Maisie glared at her. “You spied on me?”
“I decided to help you. How do you think you got away with being absent so much? How was it that Isabella and my father never asked questions about the late nights and early mornings when you were gone?”
Maisie had just assumed that they weren’t paying attention.
“At first, I thought I was lying for you so you could go meet a man. But after I saw the flyers, I knew you were protesting, so I covered for you even more.” Morrigan pointed a finger at her. “I lied for you. Often. I made up stories, came up with imaginary friends, made excuses. I protected you.”
For months now, she had a champion under the same roof, and she’d never realized it. It all made sense. She was never questioned the way Morrigan was. The source of much of the trouble Morrigan faced had to do with Archibald’s intrusive probing and second-guessing. They called her fiery and short-tempered, but Maisie had always felt Morrigan’s outbursts were a reaction to how she was treated.
“Thank you.” Her words were a whisper, and her emotions claimed her. Still, she didn’t realize any tears had escaped until she tasted saltiness on her lips.
“And since we’re now talking, I want you to know that I was angry with you for not asking me.”
“Asking you?”
“To join your society. To be one of you. You knew my politics.”

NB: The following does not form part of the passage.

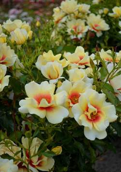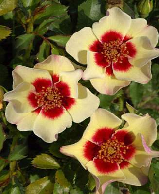Эта роза с цветками до 6 см, простыми, бледно-жёлтыми с красным пятном в основании лепестков. Наслаждение наблюдать, как разворачивается, раскрывается каждый лепесток по-своему неповторимого и прекрасного цветка. Окраска цветков в процессе цветения меняется. Цветение обильное, повторное в течение сезона. Листва устойчивая к заболеваниям. Куст компактный, высотой 50-70 см.

Maisie did know her politics. They were the same as Archibald’s.
She went to Morrigan and wrapped her arms around her. A long overdue gesture. They held onto each otherfor the first time since they’d been thrown together as “sisters.” Neither spoke for the longest time, but both understood what had gone wrong. Isabella and Archibald’s marriage had been a business arrangement. The two young women assumed their relationship should operate on the same basis.